Wednesday, September 30, 2015

Raise Your Voice!!

Every year on October 16th I participate in Blog Action Day when bloggers across the world post in their blogs on a common theme related to human rights. This year the theme is "Raise Your Voice". It is well known that in a large majority of countries, including the developed one, people are suffering rights violations and especially so in some strife torn countries. There are many people who have to suffer great atrocities when they raise their voices against injustice. Many are being murdered and maimed and many more are in prison. This year the blog action will focus on the plight of these dissenters and protestors who have been subjected to atrocities for daring to give expression to their feelings and thoughts. Like earlier years all my posts leading up to Blog Action Day will focus on the denial of freedom of expression.
I start with a post on the way in which Stalin the all powerful erstwhile ruler of the Soviet Union clamped down on freedom of expression in particular and freedoms in general. Even though stories of Stalin's brutality were rife all over the world even when he was ruling, the gory details were never known from official records. However, after the collapse of the Soviet Union in 1989, gradually the archives of the various government departments were opened up to public scrutiny. Thus, the records of the NKVD or the People's Commissariat of Internal Security, the papers of Stalin's office and that of the Politbureau of the Communist Party have now become open and many resesarchers have accessed these and written new histories based on the material they have discovered in these archives. One of these is a new biography of Stalin written by Simon Montefiore which I have just finished reading.
The NKVD, right from the time of its inception under Lenin when it had a different name, was diabolically used by the Bolsheviks to clamp down on freedom of expression and also other freedoms of the people of the Soviet Union and especially those politicians both within and without the Bolshevik party who opposed the dominant line. There was little to differentiate it from the secret police of the earlier Tsar known as OKHRANA, apart from the fact that it was now the repressive organ of a workers' state!!! Torture and extra judicial killings were a common practice. Once Stalin had established his supremacy within the Bolshevik party by the mid 1930s by banishing Trotsky and subduing his supporters with the help of Zinoviev and Kamenev, the close associates of Lenin, he began systematically to undermine these very associates. All the Bolshevik leaders beginning from Lenin downwards had scant respect for human rights and merrily ordered executions with or without trials but they could not imagine that Stalin would play this game against them.
Stalin cooked up some story or other about his compatriots being involved in anti party activities and then asked the NKVD to collect evidence in support. This involved rounding up people close to the associate and torturing them till they confessed to being involved in conspiracies which had been hatched by the associates Stalin was targeting. In this way beginning with Zinoviev and Kamenev, during the Show Trials of 1936-38 hundreds of senior Bolsheviks were accused of anti party activities and executed and their families deported to Siberia to work as slave labour alongside peasants and workers in the millions who were also being deported for their resistance to the dictatorial rule of the Bolsheviks. Later, bureaucrats, technocrats and military personnel were also executed or deported in this manner and through the NKVD, Stalin established a reign of terror in the Soviet Union and cemented his authority. Even though the scale of these killings subsided by the early 1940s, this process of cooking up stories and falsely implicating people became a staple of Stalin's administration and devoured many of his close associates right up to his death at the ripe age of seventy four in 1953. Sometimes as in the case of Alexei Kuznetsov in 1950, Stalin chose to turn on those he had hand picked earlier to groom as his successors. In Kuznetsov's case, his crime was that he tried to emerge as a power centre and began going through the files of the Show Trials of 1936-38 kept in the records of the NKVD which had by then been renamed the MVD and which was under his supervision.
Freedom of expression is the key to a just society and powerful centralised states have always tried to curb this right and this trend continues to this day even if it is not in as crude and overt a manner as practised by Stalin. There are NKVDs of some sort or other everywhere and wide spread surveillance of those who dare to protest. Therefore, it is essential that we raise our voices against curbs on the freedom of expression.
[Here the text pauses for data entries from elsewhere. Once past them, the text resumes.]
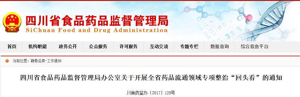 四川省食品藥品監督管理局辦公室關于開展全省藥品流通領域專項整治“回頭看”的通知
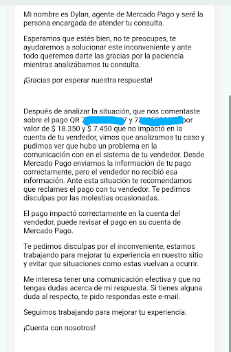 Le dijimos al cajero que hable con MP para solucionar el problema y el habla con un encargado llamado Martín, el que lo único que hace es dar la misma respuesta aún cuando nosotros le brindamos toda la información como nro de transacción y demás para cotejar los datos con el centro de ayuda de Mercado Pago.
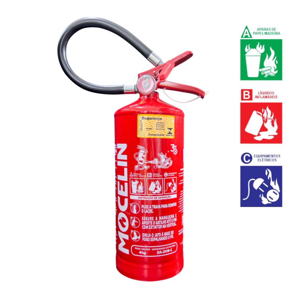Extintor de Incêndio PQS ABC 4kg - Mocelin | Proteção Versátil 3A-20B:C | Validade da Carga: 1 ano
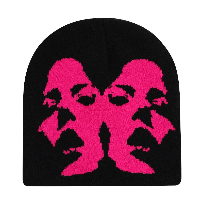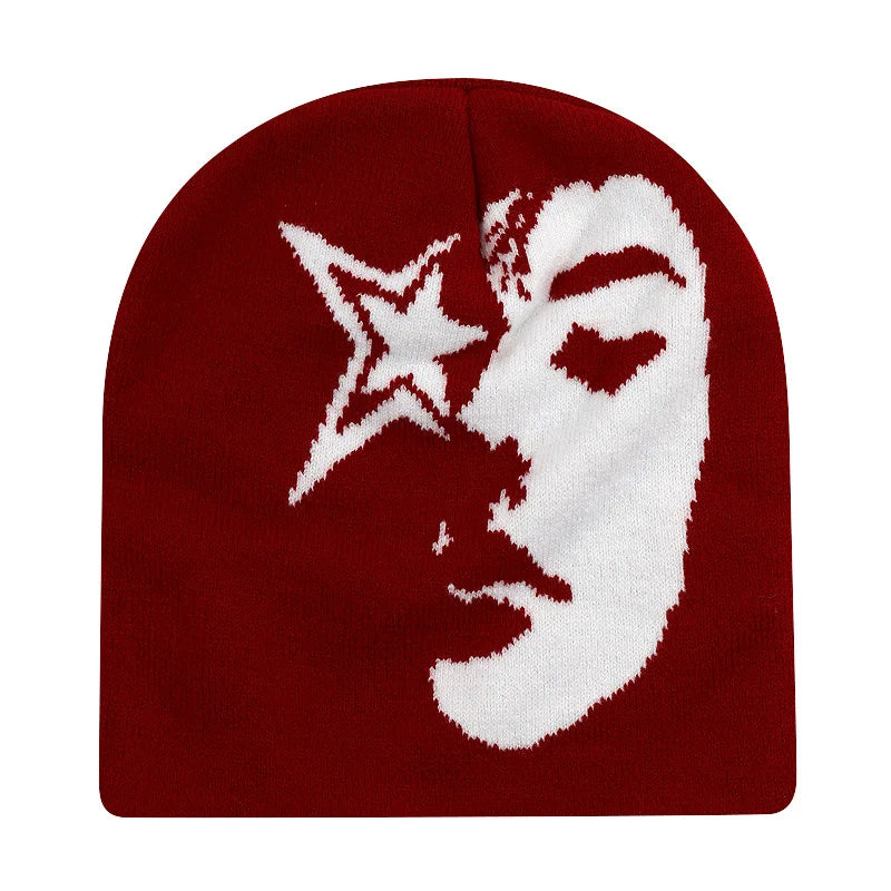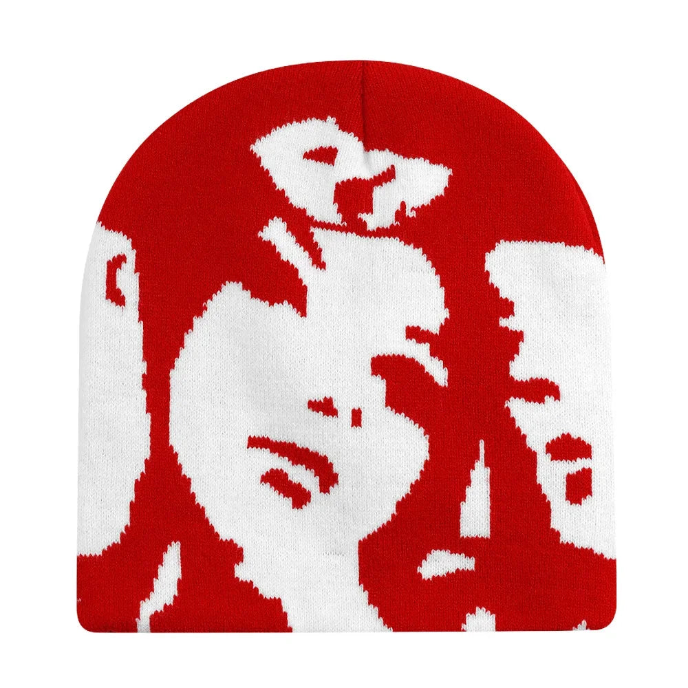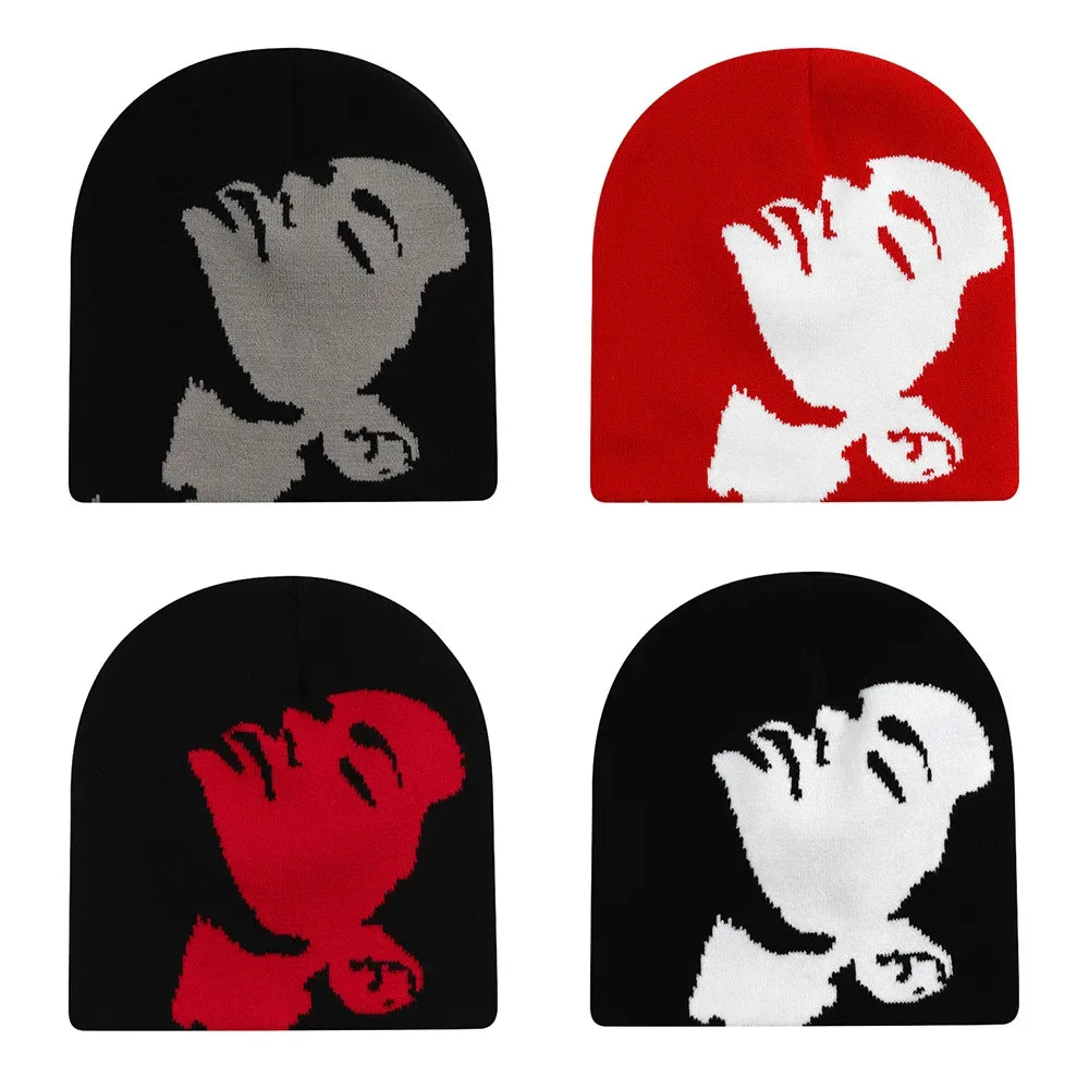 2024 Fashion Face Pattern Beanies Hip Hop Y2K Street Hat Women Men Dance Fire Hell Burn Winter Warm Knitted Bonnet Skiing Hat

Tuesday, September 15, 2015

Can Parliamentary Leftism Deliver?

First we had the Syriza coming to power through the ballot in Greece on a far left platform and now we have Jeremy Corbyn being elected leader of the Labour Party in England on an equally far left platform following the resignation of Ed Miliband who failed to win the recent elections in U.K. on a relatively lesser leftist platform. Given the fact that historically parliamentary left parties have not been able to stand up to the powerful Corporate entities that control the world, what are the chances of their being able to do so now. Especially as it is much easier for Corporations to shift their production and administration out of a particular country at the drop of a hat without much dislocation and leave the Government and the people in the lurch.
The Syriza in Greece for instance could not stick to its far left platform because the Government it ran very soon found itself broke after coming to power. Anticipating the popular mood and the very real likelihood of the left coming to power through the ballot, the corporates shifted their money out of the country before the elections and business which generates tax revenues came down to a trickle. The choice was either to bow to the demands of the creditors or isolate the country from the global economy and bear the extreme hardships entailed in doing so. Used to a comfortable lifestyle, the majority of the Greeks were not prepared for this latter course and so even though they had initially voted the left to power on an anti-austerity platform, when push came to shove they did not have the guts to cock a snook at the might of global capitalism and face the consequences.
The Labour Party in England has been trying to rebuild its traditional socialist platform again after the pro-capitalist stance that it had acquired under Blair and Brown earlier seemed to make it more and more a clone of the Conservatives. Ed Miliband, the earlier leader before Corbyn, had led a fairly leftist campaign for the U.K. parliamentary elections in May this year and was undone in the end by being wiped out in Scotland by the Scottish Nationalist Party. The difference in terms of vote share between Labour and Conservatives was not much - just 6.5 per cent with the latter getting only 36.9 per cent of the votes polled whereas those who did not vote constituted a whopping 33.9 per cent meaning that only 24.4 per cent of the electorate voted for the Conservatives and 20.1 per cent of the electorate voted for Labour. Since 50 per cent of the Labour party members voted for Corbyn's left platform one may safely assume that 10 per cent of the U. K. electorate or less are likely to be active votaries of such a left platform. Meaning that even though many people may be critical of the way in which the Corporates are squeezing their livelihoods, they are not really convinced that a socialist blueprint will solve their livelihood problems in a sustainable manner.
Corbyn celebrated his victory by going to a pub and singing the Labour Party anthem "Red Flag" with his supporters as shown below. The Red Flag is a panegyric to the heroism of the workers throughout the world who have fought and laid down their lives but while being heart rousing it contains little to convince the populace at large to lay down their lives for the socialist cause. What Corbyn will have to do is make the general populace believe that it will indeed be possible to tax the rich, preventing tax avoidance and evasion by them, cut down on military expenditure, especially the maintenance of a nuclear deterrent and nationalise British rail without making its running a burden on the exchequer given that nationalisation will immediately hike up the wage bill.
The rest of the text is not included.